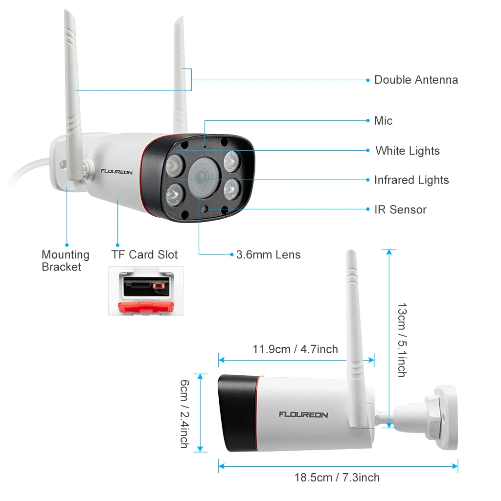 -Для домашней безопасности: с кристально прозрачными изображениями 1080 p. Идеальный двойной светильник IP bullet camera для вне вашего дома, офиса, магазина и других мест, чтобы сохранить вашу безопасность. -Двойной светильник ip-камера с ночным видением: Двойной ИК-датчик для 24/7 наблюдения. Обнаружение движения активирует двойной белый светильник s (пользователи могут настроить режим запуска и время белый светильник). Получайте оповещения через приложение (Совместимость с iOS и Android). Подключение к камере через 2,4 ГГц wifi. -Облачное хранилище: также вставьте tf-карту макс. 128 ГБ (карта не входит в комплект). Убедитесь, что Вы сохраните важные кадры безопасности. -2-полосная аудио: позволяет предупредить от любых вторжений. Или если ваша посылка прибывает, когда вы выходите из дома, просто сообщите водителю, где ее оставить. -Простая установка и водонепроницаемость: Следуйте инструкции пользователя и используйте винты и анкеры (дюбели) для крепления к стене. Подключите к источнику питания. Водонепроницаемый корпус IP66 обеспечивает работу камеры в условиях сильного дождя и других неблагоприятных погодных условий. Водонепроницаемая куртка входит в посылка, чтобы помочь защитить и сохранить кабели в порядке.
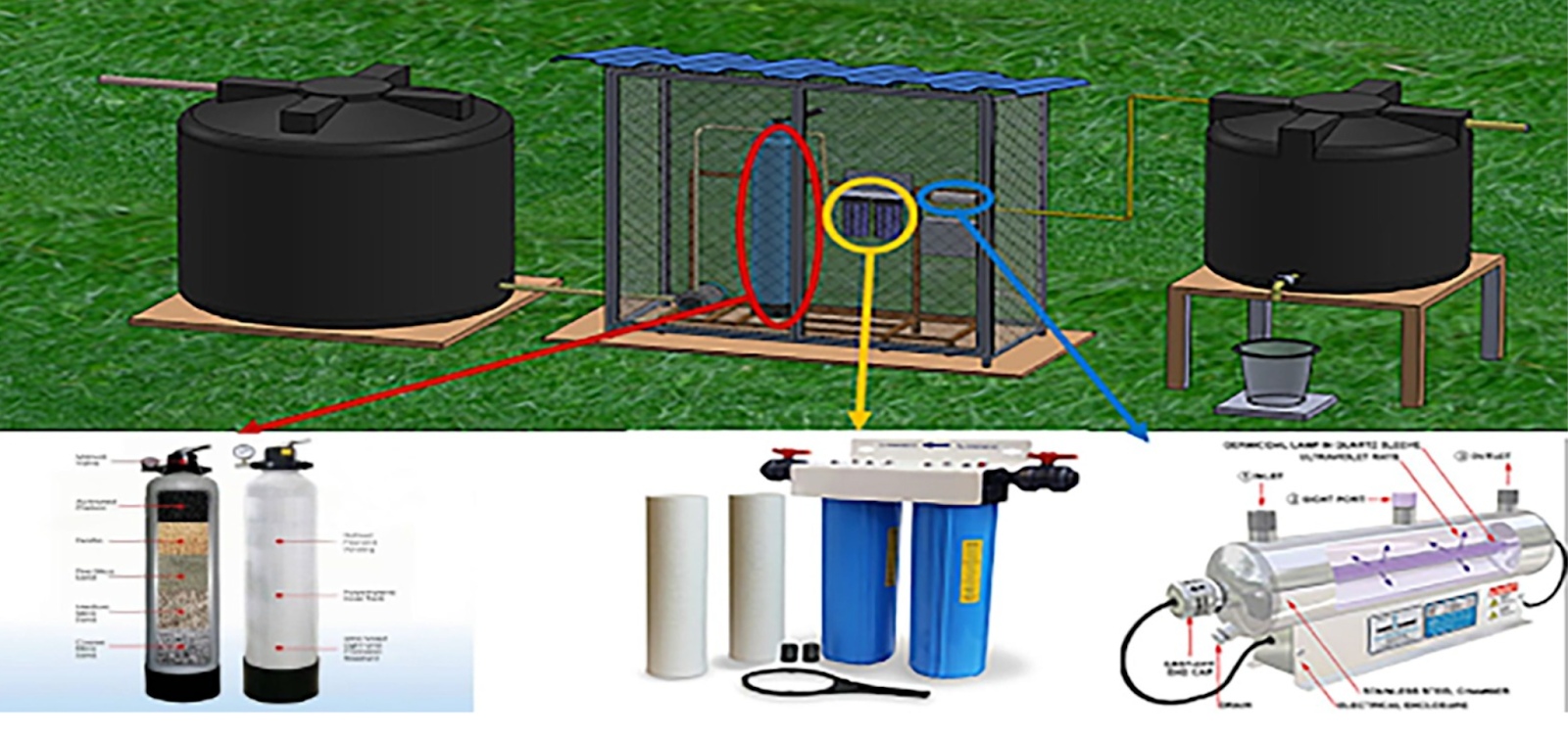 The filtered-water tanks are integrated with taps to provide drinking water at the location of the system. constituted of four levels of purification (i) a dual-medium activated carbon and four layers of marble crushed sand to reduce excess chlorine and turbidity from the water, (ii) a five micron filter (iii) a one micron filter for removing suspended particles and bacteria larger than 1 μm, and (iv) an ultraviolet (UV) lamp for disinfection from pathogens such as bacteria, viruses, etc. The remaining bacteria after the micron level filtration were disinfected using the UV lamp to ensure the safety of drinking water.
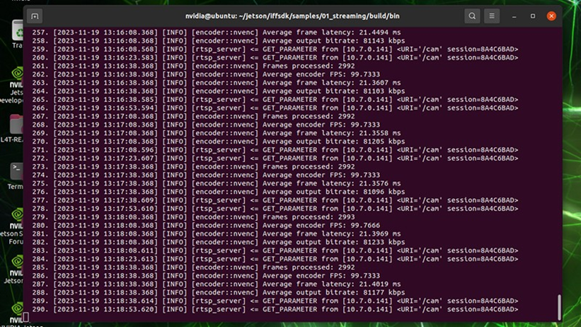 Orin software stack allowed the implementation of an image processing pipeline streaming images from the camera to the computer.
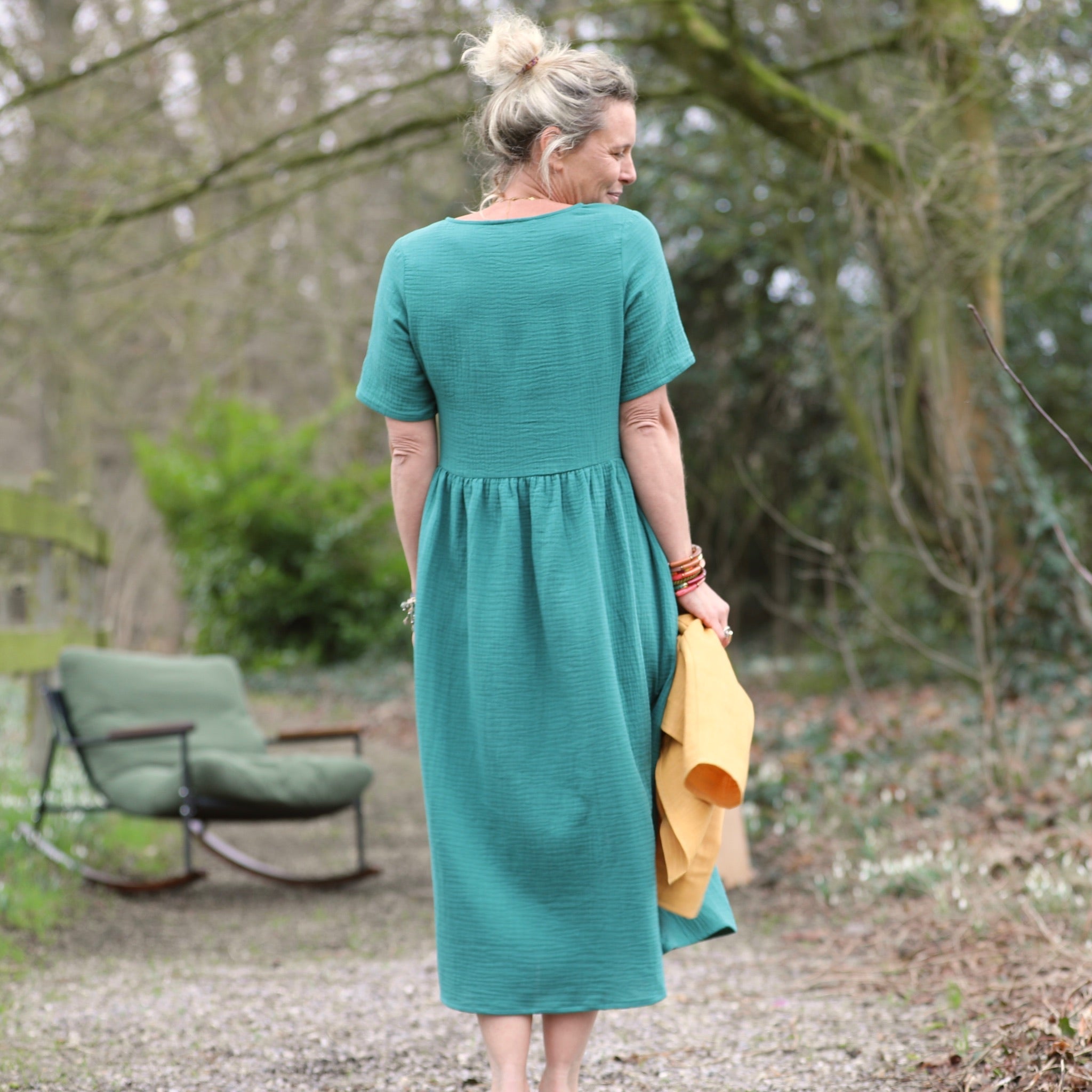 La robe Juliette se porte facilement avec des sandales naturelles pour une allure estivale, des baskets blanches pour un esprit décontracté ou une veste légère pour la mi-saison. Sa couleur fraîche se marie harmonieusement avec des tons écrus, beiges ou camel.Pour quelle silhouette ?
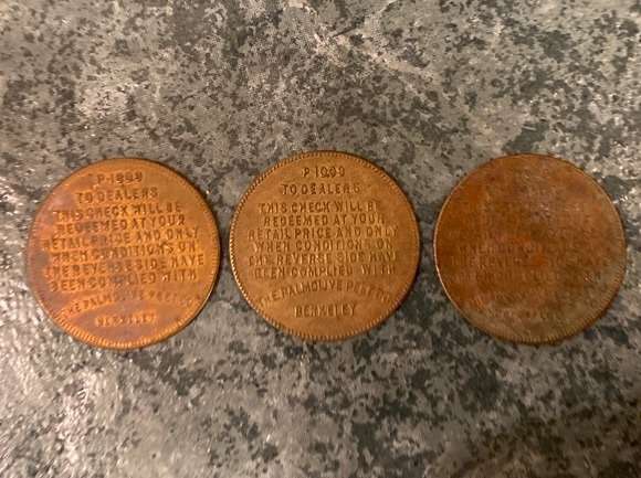Three vintage Palmolive soap tokens. As you can see in the photos, two are in great shape, the third shows signs of deterioration. Listed price is for all 3.
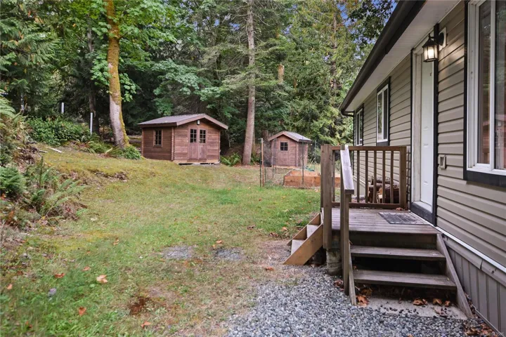 Fully renovated 3 bedroom home on .41 acre lot that is fenced on 3 sides. The property has a nice combination of level areas, a garden, light forest and some rock along the South side that makes it interesting. It backs onto a large acreage that makes it a very private property. A great price for a neat and clean home with several outbuildings. The home is open concept with a wood stove to keep it toasty (also electric baseboard heat) and there is a transfer panel to connect a generator if the power goes out. The outbuildings include: a power-pump house shed, a studio with power and heat, a storage shed and an open firewood shed. Although very private, the location is surprising close and central to the Village and to Berry Point. All measurements are considered approx. & should be verified if important.
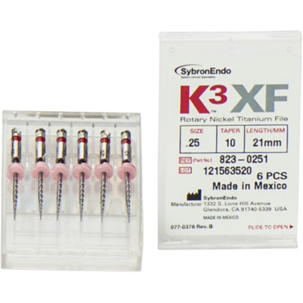K3XF bietet die Sicherheit und selbstständige Zentrierung der originalen K3 Feile und dazu eine außergewöhnliche Flexibilität und Widerstandsfähigkeit gegenüber zyklischer Ermüdung dank einer eigens entwickelten R-Phase™-Technologie. K3XF bietet das Optimum an Sicherheit, Flexibilität und Kontrolle für Benutzer von rotierenden Feilen, die sich stabilere und zugleich flexiblere Feilen wünschen. Packung 6 Feilen 21 mm, Taper.10 ISO 025
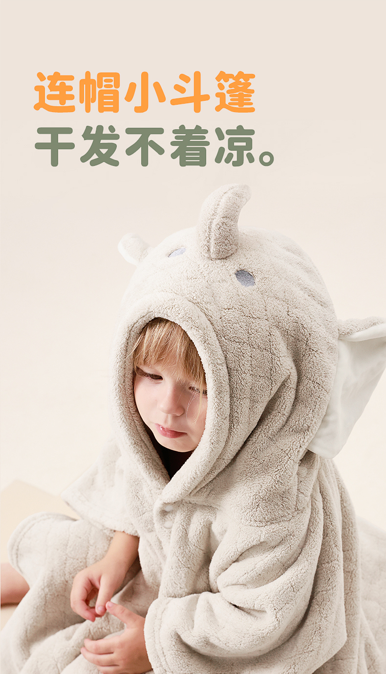 【BG】BabyGreat儿童浴巾宝宝穿戴式带帽造型吸水速干可穿式浴巾
::::::::::
With the pictures left out, give again exactly the lines from the one that contains "Fully renovated 3" through the final line of the data above.

 Fully renovated 3 bedroom home on .41 acre lot that is fenced on 3 sides. The property has a nice combination of level areas, a garden, light forest and some rock along the South side that makes it interesting. It backs onto a large acreage that makes it a very private property. A great price for a neat and clean home with several outbuildings. The home is open concept with a wood stove to keep it toasty (also electric baseboard heat) and there is a transfer panel to connect a generator if the power goes out. The outbuildings include: a power-pump house shed, a studio with power and heat, a storage shed and an open firewood shed. Although very private, the location is surprising close and central to the Village and to Berry Point. All measurements are considered approx. & should be verified if important.
K3XF bietet die Sicherheit und selbstständige Zentrierung der originalen K3 Feile und dazu eine außergewöhnliche Flexibilität und Widerstandsfähigkeit gegenüber zyklischer Ermüdung dank einer eigens entwickelten R-Phase™-Technologie. K3XF bietet das Optimum an Sicherheit, Flexibilität und Kontrolle für Benutzer von rotierenden Feilen, die sich stabilere und zugleich flexiblere Feilen wünschen. Packung 6 Feilen 21 mm, Taper.10 ISO 025
 【BG】BabyGreat儿童浴巾宝宝穿戴式带帽造型吸水速干可穿式浴巾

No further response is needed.